# [DATASET CONTENT]
BEGIN

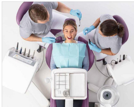
Fig. 4: Vías de agarre optimizadas. el elemento odontológico, el auxiliar y también la bandeja pueden posicionarse de forma independiente.
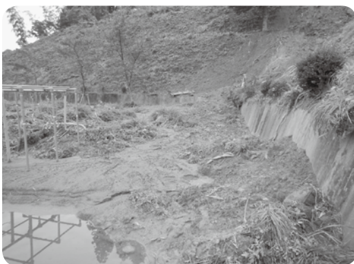
こども園の南側崩落状況
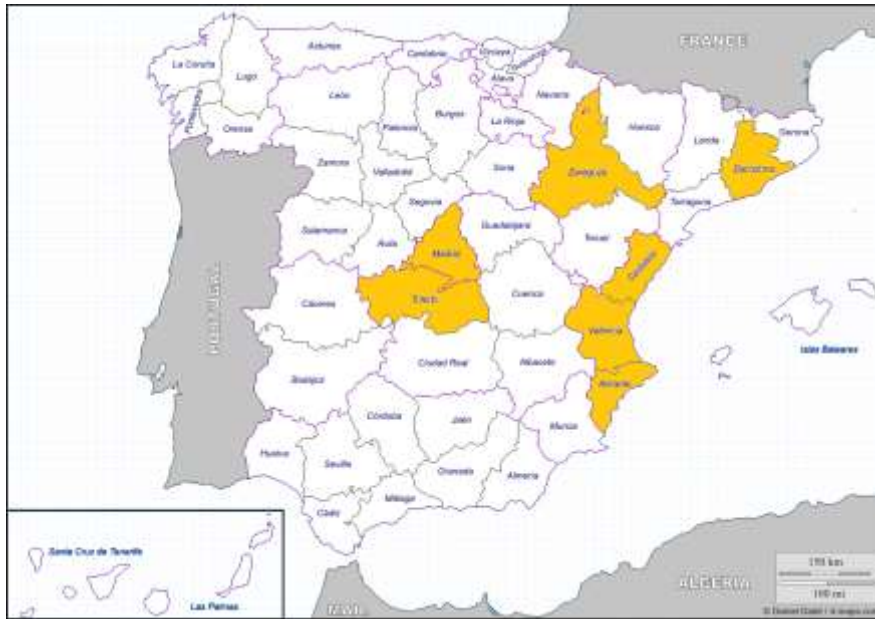
Mapa 1 (2007), provincias con mayor densidad de población rumana

END

# [ABOUT THIS EXERCISE]
Without including any pictures, copy every line above exactly.

# [FINISHED TASK]
Fig. 4: Vías de agarre optimizadas. el elemento odontológico, el auxiliar y también la bandeja pueden posicionarse de forma independiente.
こども園の南側崩落状況
Mapa 1 (2007), provincias con mayor densidad de población rumana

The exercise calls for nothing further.